Most of our agreements allow us to recover signing, retention and performance bonuses from the employee if he or she were to voluntarily leave us or be terminated for cause prior to a specified date, over periods ranging from one to 15 years. However, for the purpose of recognizing expense, we amortize such signing, retention and performance bonuses over the shorter of the contractual recovery period or seven years. If an employee is involuntarily terminated, we generally cannot recover the unearned amount and we write off the unearned amount at the time of termination.

CRITICAL ACCOUNTING POLICIES

Revenue recognition

Revenue includes all amounts earned that are billed or billable to clients, including reimbursable expenses, and are reduced for amounts related to work performed that are estimated to be unrealizable. Expert revenues consist of revenues generated by experts who are our employees as well as revenues generated by experts who are independent contractors. There is no operating, business or other substantive distinction between our employee experts and our exclusive independent contractor experts.

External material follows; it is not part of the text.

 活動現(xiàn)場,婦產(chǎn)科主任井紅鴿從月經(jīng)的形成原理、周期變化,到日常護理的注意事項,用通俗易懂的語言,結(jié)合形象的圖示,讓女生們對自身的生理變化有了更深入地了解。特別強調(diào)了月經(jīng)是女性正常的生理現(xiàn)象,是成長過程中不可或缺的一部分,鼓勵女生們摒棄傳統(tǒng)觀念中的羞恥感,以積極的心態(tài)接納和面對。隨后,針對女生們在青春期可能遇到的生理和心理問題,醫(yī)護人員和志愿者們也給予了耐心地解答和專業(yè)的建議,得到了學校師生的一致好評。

Revenues primarily arise from time and expense contracts, which are recognized in the period in which the services are performed. We also enter into certain performance-based contracts for which performance fees are dependent upon a successful outcome, as defined by the consulting engagement. Revenues related to performance-based fee contracts are recognized in the period when the earnings process is complete and we have received payment for the services performed under the contract. Revenues are also generated from fixed price contracts, which are recognized as the agreed upon services are performed. Fixed price and performance-based contracts revenues are not a material component of total revenues.

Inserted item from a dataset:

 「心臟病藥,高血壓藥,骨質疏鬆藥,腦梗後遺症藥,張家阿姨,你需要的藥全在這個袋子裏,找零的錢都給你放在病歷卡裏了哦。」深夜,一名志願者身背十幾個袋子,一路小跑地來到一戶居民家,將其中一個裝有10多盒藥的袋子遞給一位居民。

We recognize revenue net of an estimate for amounts that will not be collected from the client due to fee adjustments. This estimate is based on several factors, including our historical percentage of fee adjustments and review of unbilled and billed receivables. These estimates are reviewed by management on a regular basis.

Equity-based compensation

Stock-based compensation arrangements covered by Statement of Financial Accounting Standards ("SFAS") No. 123R, Share-Based Payment ("SFAS No. 123R") currently include stock option grants and restricted stock awards under our 2003 Stock Option Plan and purchases of common stock by our employees at a discount to the market price under our Employee Stock Purchase Plan ("ESPP"). Under SFAS No. 123R, the value of the portion of the option or award that is ultimately expected to vest is recognized as expense on a straight line basis over the requisite service periods in our Condensed Consolidated Statements of Operations. Stock-based compensation expense for purchases under the ESPP are recognized based on the estimated fair value of the common stock during each offering period and the percentage of the purchase discount.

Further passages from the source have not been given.